Kenneth Slessor (27 March 1901 – 30 June 1971 / Orange, New South Wales)
Heine In Paris
LATE: a cold smear of sunlight bathes the room;
The gilt lime of winter, a sun grown melancholy old,
Streams in the glass. Outside, ten thousand chimneys fume,
Looping the weather-birds with rings of gold;
The spires of Paris, pricked in an iron spume,
Uprise like stars of water, and mail the sky.
Night comes: the wind is cold.
La Mouche has lit the candles, cleared up the mess.
She is talking, this merry little girl, of the new clown,
Mercutio in red spots, and Miss Nellie, the Equine Princess,
Who can ride three terrible horses upside-down . . . .

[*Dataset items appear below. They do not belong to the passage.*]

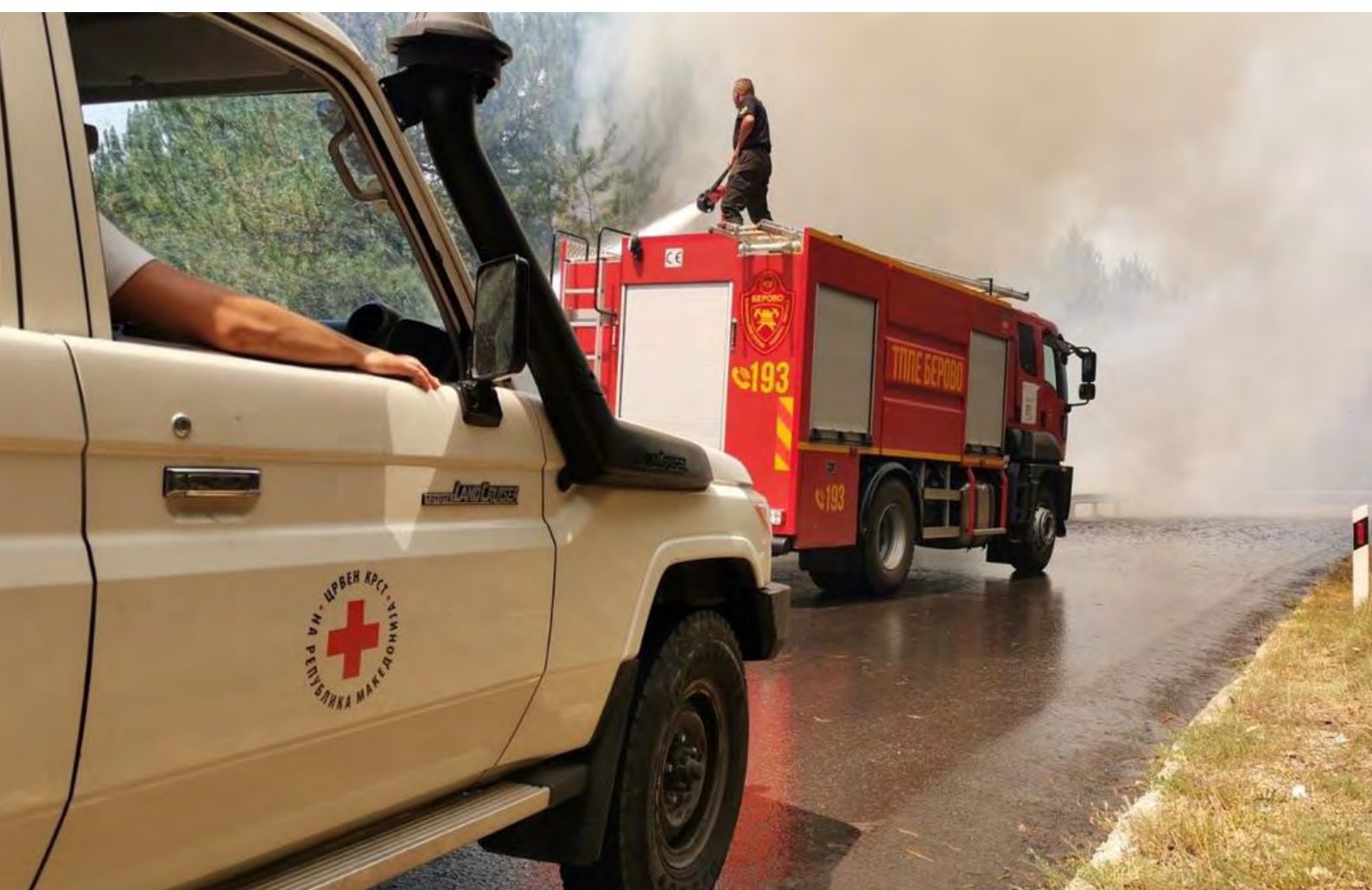
The Red Cross of the Republic of North Macedonia supported national response teams in fighting forest fires resulting from heat waves across the country.

The IFRC will support the Red Cross of the Republic of North Macedonia through participating in National Societies, IFRC Reference Centres, Hubs, and Labs. Through collaboration and knowledge sharing, the Red Cross of the Republic of North Macedonia can learn from the experiences and best practices of other National Societies. The IFRC's resource mobilization efforts also facilitate access to financial and material support for the National Society's programmes and initiatives. In line with the Integration and Inclusion Framework Plans developed by the National Society, the IFRC will provide guidance, technical expertise, and resources to support it in implementing inclusive programmes that promote protection and gender equality.
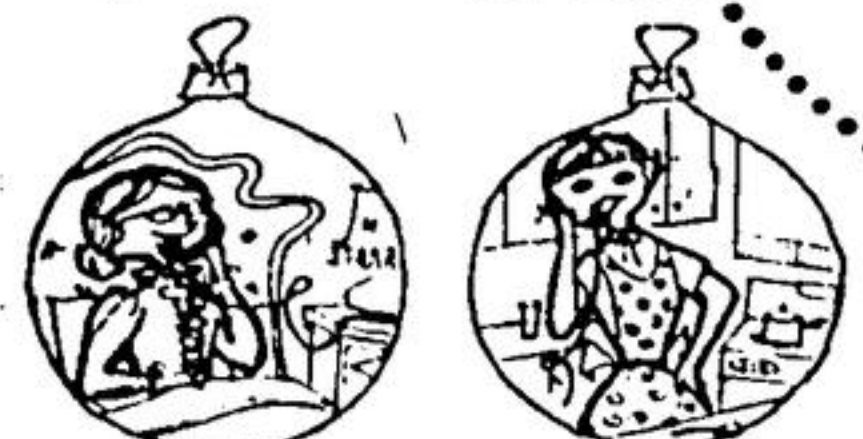
FOR GRANDMA'S BEDROOM FOR MOTHER'S KITCHEN

... and so easy to order... just give us a call
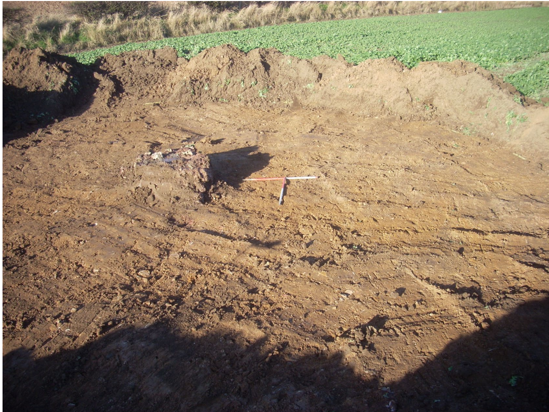
Fig. 2 - View of the turbine base from the east
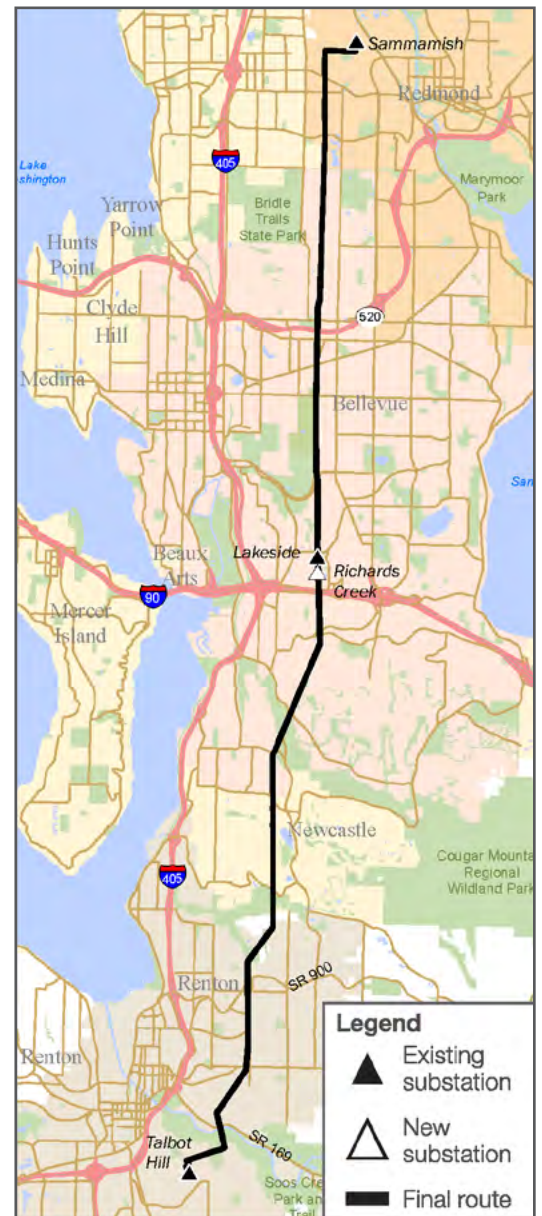
After evaluating multiple routes, PSE selected the existing corridor as the final route for the project.

'Mon dieu, quelle cirque!' . . . and Madame Stephanie's dress..
'As true as I live' . . . the clear little voice trickles on,
All over the Circus, on and on, and all over the town.
Now she has creaked downstairs. Heine is left alone,
Knees hugged in bed, the drug purring in his brain,
And the windows turning blue. He can see some clouds being blown,
Scraping their big, soft bellies on the pane:
'Take me, O Clouds!'—but in a puff they've flown.

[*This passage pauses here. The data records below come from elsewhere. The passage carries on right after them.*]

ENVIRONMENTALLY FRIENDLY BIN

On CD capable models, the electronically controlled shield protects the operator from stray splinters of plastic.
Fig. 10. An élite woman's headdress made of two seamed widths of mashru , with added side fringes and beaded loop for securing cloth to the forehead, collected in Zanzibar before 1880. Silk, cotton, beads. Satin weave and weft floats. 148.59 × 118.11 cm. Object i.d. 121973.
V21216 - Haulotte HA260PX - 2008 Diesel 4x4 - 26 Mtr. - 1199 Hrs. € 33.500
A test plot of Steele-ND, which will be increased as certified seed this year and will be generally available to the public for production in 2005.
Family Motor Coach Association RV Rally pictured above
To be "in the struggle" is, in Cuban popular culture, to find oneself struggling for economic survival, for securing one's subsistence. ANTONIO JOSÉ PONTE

So once they fled in Eighteen Twenty-Nine
From—Hamburg, was it?—in a damp disdain . . . .
Hamburg—those roofs of tulip-red, those floating trees,
Those black masts clotting the air, and swart cigars,
And puffed old bankers panting along the quays,
And Uncle Solomon shouting amongst the spars,
And Uncle Solomon's cargoes, coffee and cheese,
And Uncle Solomon's face, like a copper moon,
And Uncle Solomon's daughter, and the stars, the stars.

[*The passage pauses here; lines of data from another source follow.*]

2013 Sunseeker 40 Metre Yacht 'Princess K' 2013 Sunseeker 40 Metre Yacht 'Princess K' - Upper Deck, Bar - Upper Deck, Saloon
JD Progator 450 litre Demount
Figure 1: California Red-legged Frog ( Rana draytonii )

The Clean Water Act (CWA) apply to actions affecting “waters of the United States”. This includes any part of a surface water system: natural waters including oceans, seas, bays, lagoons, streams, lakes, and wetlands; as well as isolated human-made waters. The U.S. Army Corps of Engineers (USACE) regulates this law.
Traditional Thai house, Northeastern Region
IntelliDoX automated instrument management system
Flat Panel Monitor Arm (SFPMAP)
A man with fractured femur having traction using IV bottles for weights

O, Hamburg and Amalie—the stars and dung—
He remembered suddenly that night he stood below,
Dark in the street, with stinging heart and helpless tongue,
And her face passed in the pane, like paper to and fro.
But in a thousand songs that song was never sung.
Amalie, Amalie, who was only a foaming of thought,
A thing thought of, and forgotten, long ago.
And Louise, Diana, and Jenny, and all those bright,
Mad girls who had scrawled their names inside his mind—
All vanished, all gone; and all of them forged in a night,
Conspired of dreams, and leaving no dream behind,
Ungrateful for their dreaming—flight after flight
Of musings wrapped in satin, fancies in silk,
And a thousand thoughts of naked roses and milk,
By love and the moon designed.
But now it seemed that these were only one thought,
One stone of Venus, cut with a hundred sides,
One girl revealed ten thousand times, and caught
Ten thousand times from out those amorous tides.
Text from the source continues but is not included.